Leaving the EU seemed to be risking this success. Surely, it is better to work together, to talk and cooperate with old enemies, in a constructive way? The media, and the political left, center, and much of the right seemed at that time, all of nine years ago, to agree. Or so the story went.
We now face a new reality as the EU leadership scrambles to justify continuing a war. Not only continuing, but they had been staunchly refusing to even countenance discussion on ending the killing. It has taken a new regime from across the ocean, a subject of European mockery, to do that.
In Europe, and in parts of American politics, something is going on that is very different from the question of whether current wars are just or unjust. It is an apparent belief that advocacy for continued war is virtuous. Talking to leaders of an opposing country in a war that is killing Europeans by the tens of thousands has been seen as traitorous. Those proposing to view the issues from both sides are somehow “far right.”

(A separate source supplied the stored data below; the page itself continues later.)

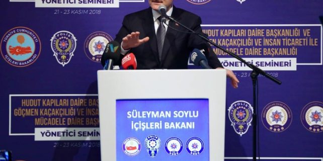 2000 yılında dünyada 20.1 milyon kişi sığınmacı ve mülteci statüsündeyken, bu rakamın 2017 yılı itibarıyla 71,4 milyon kişi olduğunu söyleyen Soylu, BM verilerine göre son 20 yıldaki artış hızıyla giderse, bu rakamın 2050 yılında ise 405 milyon kişi olarak hesaplandığını belirtti. Bu rakamların sınır güvenliği ve hudut meselesinde karmaşık bir hal aldığını ifade eden Soylu, hacim artışı, neticesinde ’sınır yönetimi’ diye bir kavramın ortaya çıktığını ifade etti. Geçişi engellemekle mükellef olunan yabancı terörist savaşçılar (YTS) konusunda bilgi veren Soylu, “Elbette ki yabancı terörist savaşçılar dediğimiz ve hudut kapılarında, havaalanı ve otogarlarda TEM ve istihbarat birimlerimiz 27 bin şahsı kontrol etmiş, çatışma bölgelerine geçme arayışında olduğu değerlendirilen 8 bin 526’sının ülkemize girişi engellenmiş, bin 331’i de geldikleri ülkelere geri gönderilmek üzere geri gönderme merkezlerine teslim edilmiştir. Keza yönetmek zorunda olduğumuz göç meselesi var. Bunun içinde uluslararası koruma başvurusuyla gelenler olduğu gibi bir de yasadışı göç var ve bunun bir güvenlik boyutu var. Frontex 2018 risk analiz raporuna göre AB’nin tamamında sınır dışı kararı verilen 279 bin 215 kişiden sadece 151 bin 398’i sınır dışı edilebilmiştir. Yani, neredeyse yarısı kadar. Oysa Türkiye sadece 2018 yılının ilk on ayında sınır dışı sayısı 49 bin 523’tür. Tek başımıza AB’nin sınır dışı ettiğinin üçte biri kadar bir sayıya ulaştık. Yakaladığımız toplam düzensiz göçmen sayısı 234 bin 443’tür. Bunun içinde denizlerde yakalananlar, göç idaresine teslim edilenler dahildir. Bunların 162 bin 738’i ise kolluk birimleri tarafından adli işleme tabi tutulanlardır. Organizatör sayısı ise en son güncel rakam olarak 4 bin 948’dir” diye konuştu.
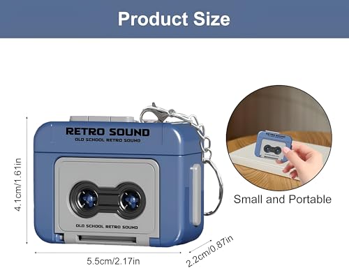 Generic - Vintage Cassette Player - Compact Retro Keychain Device with Blue Housing, Emulating Classic Tape Sound for Collectors and Music Enthusiasts
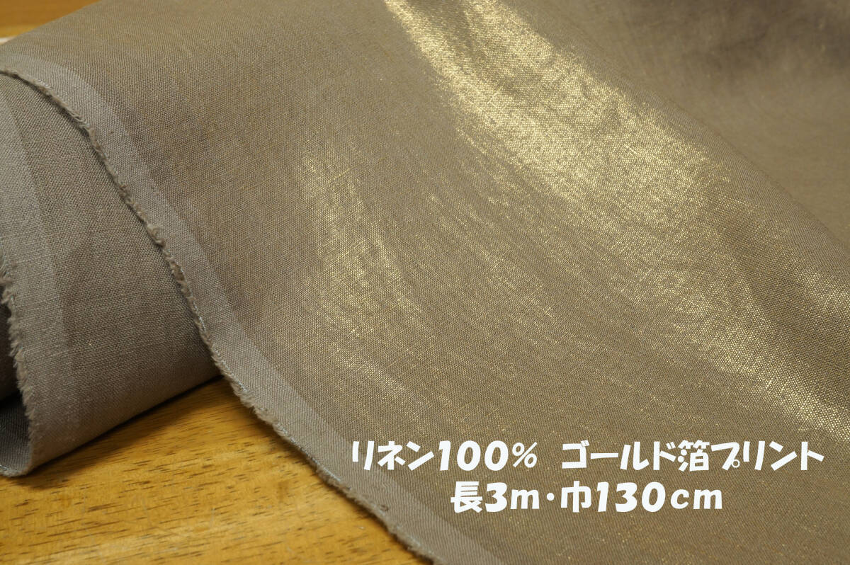 > リネン100% ゴールド箔プリント 中厚~微薄コシ光沢 長3m巾130㎝ ワンピース プルオーバー スカート ワイドパンツ シャツ バッグ 小物
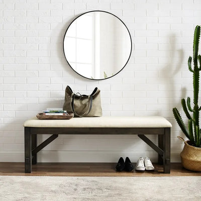 Sure to be a welcome addition to your modern farmhouse décor, the Hayden Bench brings rustic style to your home. Featuring a classic linen upholstered seat, this bench will enhance your dining room or entryway with its comfortable design. Both sturdy and versatile, the Hayden Bench is a seating option that will last for years to come.
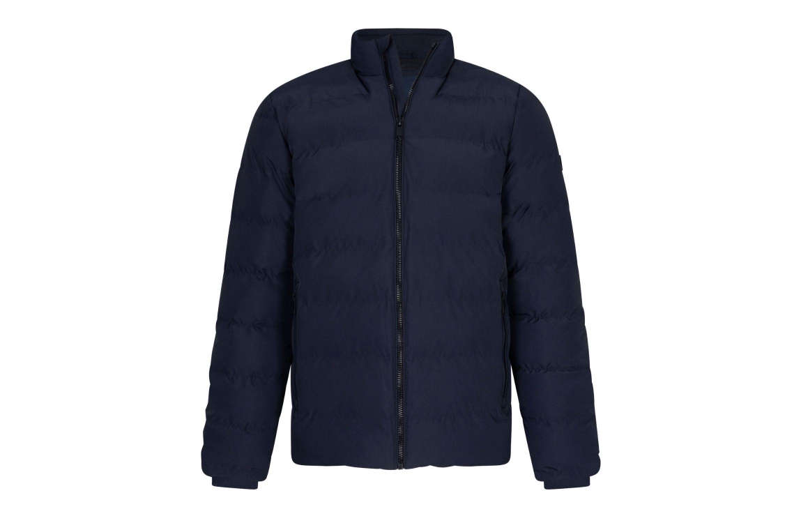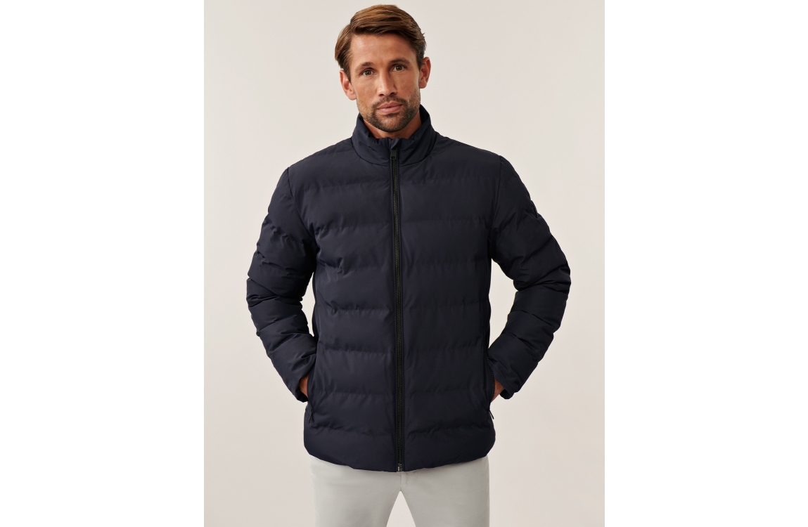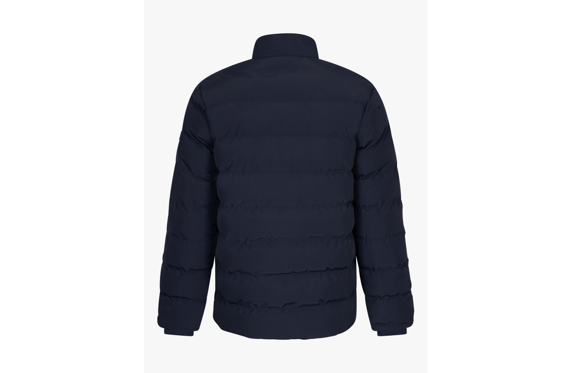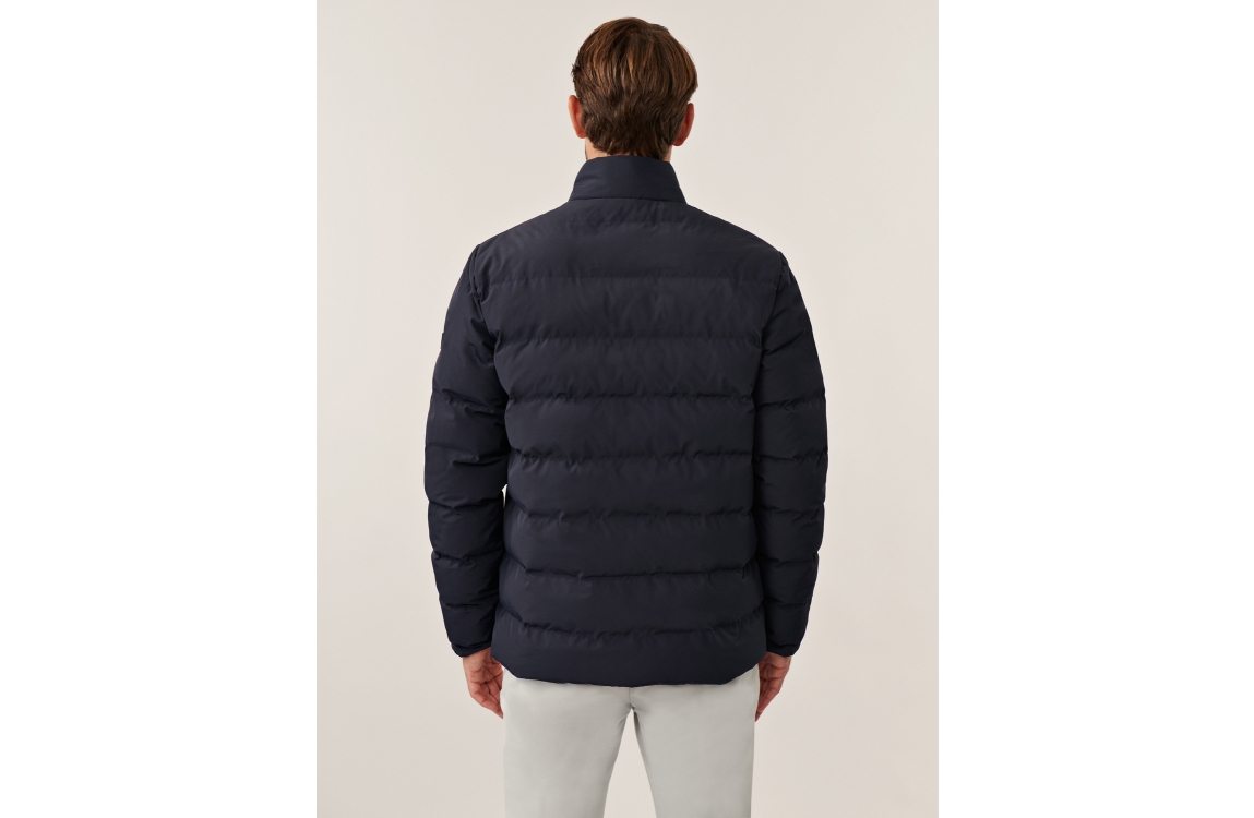 Cavallaro Cesario Jacket 699000 Dark blue. Dit rechtvallende model is voorzien van een ronde hals met opstaande kraag en heeft lange mouwen. Deze navy jas van Cavallaro sluit door middel van een rits en is afgewerkt met twee zakken met rits.
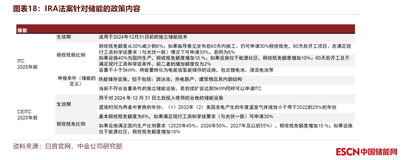 ? 美國方面,海關(guān)政策向好組件運(yùn)量增加,光伏裝機(jī)高增驅(qū)動(dòng)表前大儲放量。美國開始釋放UFLPA扣押的組件,美國地面光伏電站有望迎來快速裝機(jī),美國表前儲能項(xiàng)目盈利方式多樣,且最新IRA法案將獨(dú)立儲能納入ITC范疇,并且提高稅收抵免額度(從26%提高至30%,甚至最高可達(dá)50%)[1]。我們預(yù)期2023年美國表前大儲需求量有望提升至70GWh,同比增長超50%。
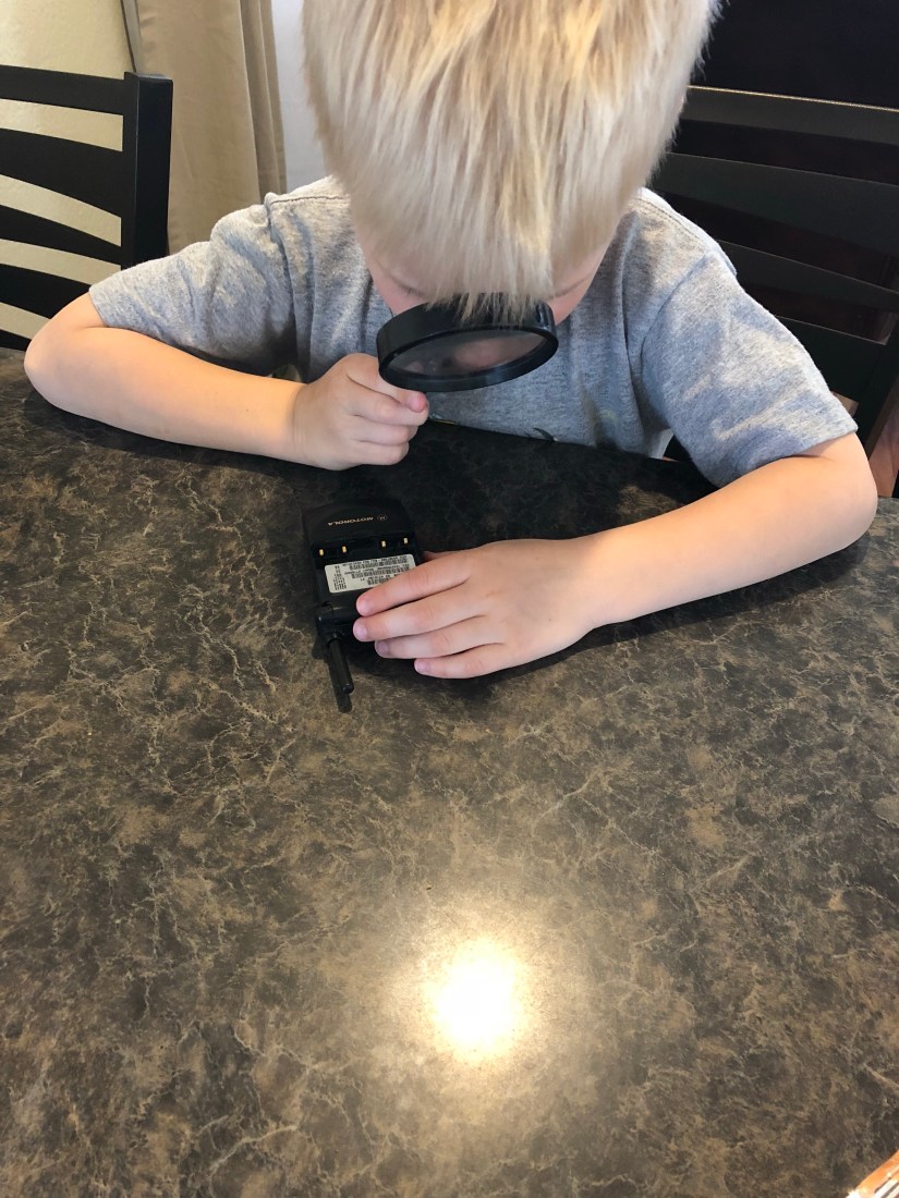 O is for OBSERVATION. This is a new, big word. We talked about what is means, then I gave him a magnifying glass. He loved looking at a cellphone from 1999. 😉
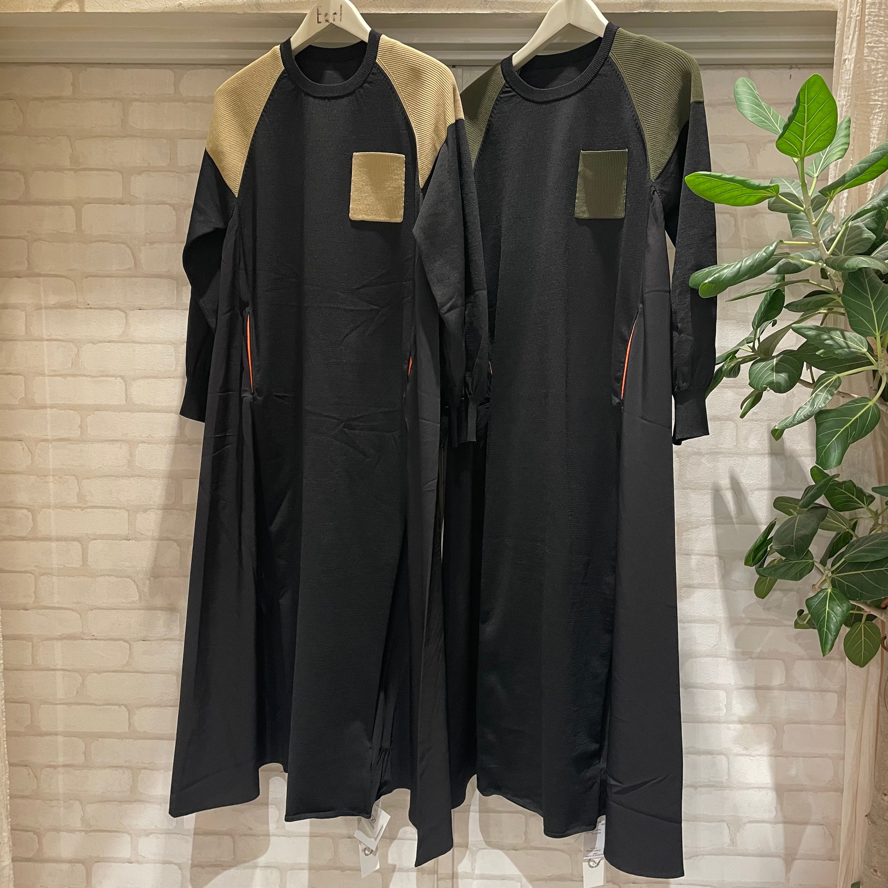 ニットとナイロンの切り替えデザインがお洒落なロングフレアワンピース。
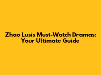 Zhao Lusi's Must-Watch Dramas: Your Ultimate Guide

The EU, once intended as an instrument to end war, now has a European rearmament strategy. The irony seems lost on both its leaders and its media. Arguments such as “peace through strength” are pathetic when accompanied by censorship, propaganda, and a refusal to talk.
As US Vice-President JD Vance recently asked European leaders, what values are they actually defending?
Europe’s Need for Outside Help
A lack of experience of war does not seem sufficient to explain the current enthusiasm to continue them. Architects of WWII in Europe had certainly experienced the carnage of the First World War. Apart from the financial incentives that human slaughter can bring, there are also political ideologies that enable the mass death of others to be turned into an abstract and even positive idea.
Those dying must be seen to be from a different class, of different intelligence, or otherwise justifiable fodder to feed the cause of the Rules-Based Order or whatever other slogan can distinguish an ‘us’ from a ‘them’…While the current incarnation seems more of a class thing than a geographical or nationalistic one, European history is ripe with variations of both.
Europe appears to be back where it used to be, the aristocracy burning the serfs when not visiting each other’s clubs. Shallow thinking has the day, and the media have adapted themselves accordingly. Democracy means ensuring that only the right people get into power.
Dismembered European corpses and terrorized children are just part of maintaining this ideological purity. War is acceptable once more. Let’s hope such leaders and ideologies can be sidelined by those beyond Europe who are willing to give peace a chance.
There is no virtue in the promotion of mass death. Europe, with its leadership, will benefit from outside help and basic education. It would benefit even further from leadership that values the lives of its people.